> _Exercise data_
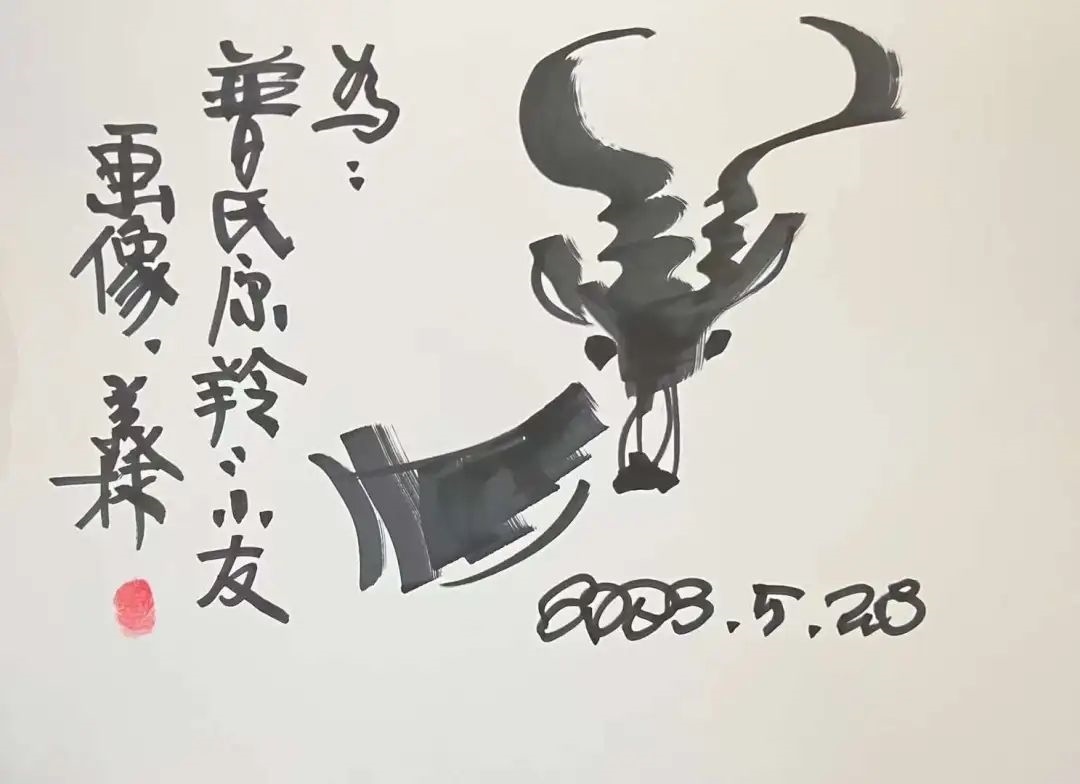 ▲韓美林為原青海省第十二屆人大常委會(huì)黨組副書記,現(xiàn)三江源生態(tài)保護(hù)基金會(huì)理事長(zhǎng)鄧本太簽書留念
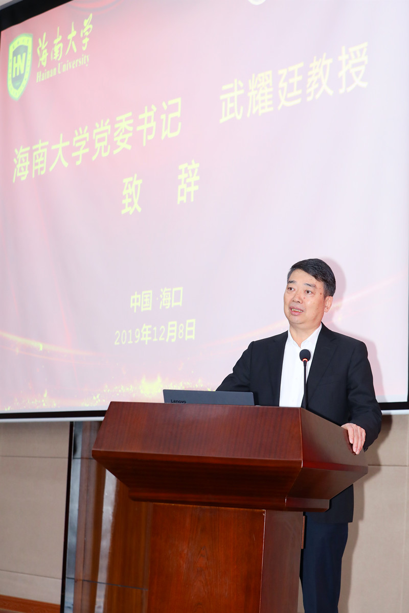 武耀廷教授代表海南大学全体师生对出席活动的各级领导、专家表示热烈欢迎。他表示,近年来,学校党委认真贯彻落实习近平总书记4·13重要讲话、在哲学社会科学工作座谈会以及在十九届四中全会上的重要讲话精神,学校高度重视哲学社会科学工作,并取得了较快发展和长足进步。他对省社科联将研究院正式列入海南省哲学社会科学重点研究基地及给予工商管理学科的大力支持、对英国杜伦大学商学院、对外经贸大学国际商学院两家合建单位的大力支持和以南方航空海南分公司、中和药业为代表的海南知名企业积极参与筹备工作等表示衷心地感谢。他强调,今后海南大学将始终牢记习近平总书记“要支持海南大学创建世界一流大学”的重要嘱托,抓住“部省合建”海南大学和“聚全省之力办好海南大学”的重大机遇,奋进推进世界一流学科和国内一流大学建设工作,学校将按照省社科联的指示和要求,进一步加大对研究院的支持力度,扎实推进研究院建设,积极整合资源,努力在自贸区(港)公司治理研究方面走在全国前列,为海南自贸区(港)建设做出应有的贡献,不辜负省社科联、合建单位对海大的厚爱和殷切希望。
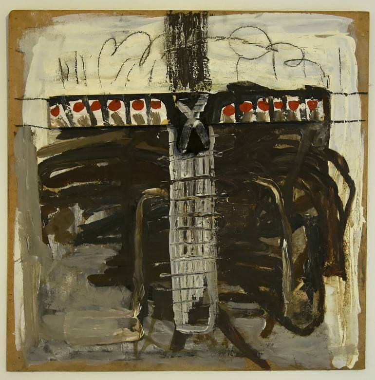 A rugged grey cross is standing on a deathly hill, yet firm over the turmoil and darkness against a bright white sky. This abstract art is a message painted on a rustic board that communicates hope even in times of trouble. The creator has cleverly blended light and dark shades using tangible obje...

> _Problem description_
Since the pictures are not wanted, give the material again exactly without them.

> _Task output_
 ▲韓美林為原青海省第十二屆人大常委會(huì)黨組副書記,現(xiàn)三江源生態(tài)保護(hù)基金會(huì)理事長(zhǎng)鄧本太簽書留念
 武耀廷教授代表海南大学全体师生对出席活动的各级领导、专家表示热烈欢迎。他表示,近年来,学校党委认真贯彻落实习近平总书记4·13重要讲话、在哲学社会科学工作座谈会以及在十九届四中全会上的重要讲话精神,学校高度重视哲学社会科学工作,并取得了较快发展和长足进步。他对省社科联将研究院正式列入海南省哲学社会科学重点研究基地及给予工商管理学科的大力支持、对英国杜伦大学商学院、对外经贸大学国际商学院两家合建单位的大力支持和以南方航空海南分公司、中和药业为代表的海南知名企业积极参与筹备工作等表示衷心地感谢。他强调,今后海南大学将始终牢记习近平总书记“要支持海南大学创建世界一流大学”的重要嘱托,抓住“部省合建”海南大学和“聚全省之力办好海南大学”的重大机遇,奋进推进世界一流学科和国内一流大学建设工作,学校将按照省社科联的指示和要求,进一步加大对研究院的支持力度,扎实推进研究院建设,积极整合资源,努力在自贸区(港)公司治理研究方面走在全国前列,为海南自贸区(港)建设做出应有的贡献,不辜负省社科联、合建单位对海大的厚爱和殷切希望。
 A rugged grey cross is standing on a deathly hill, yet firm over the turmoil and darkness against a bright white sky. This abstract art is a message painted on a rustic board that communicates hope even in times of trouble. The creator has cleverly blended light and dark shades using tangible obje...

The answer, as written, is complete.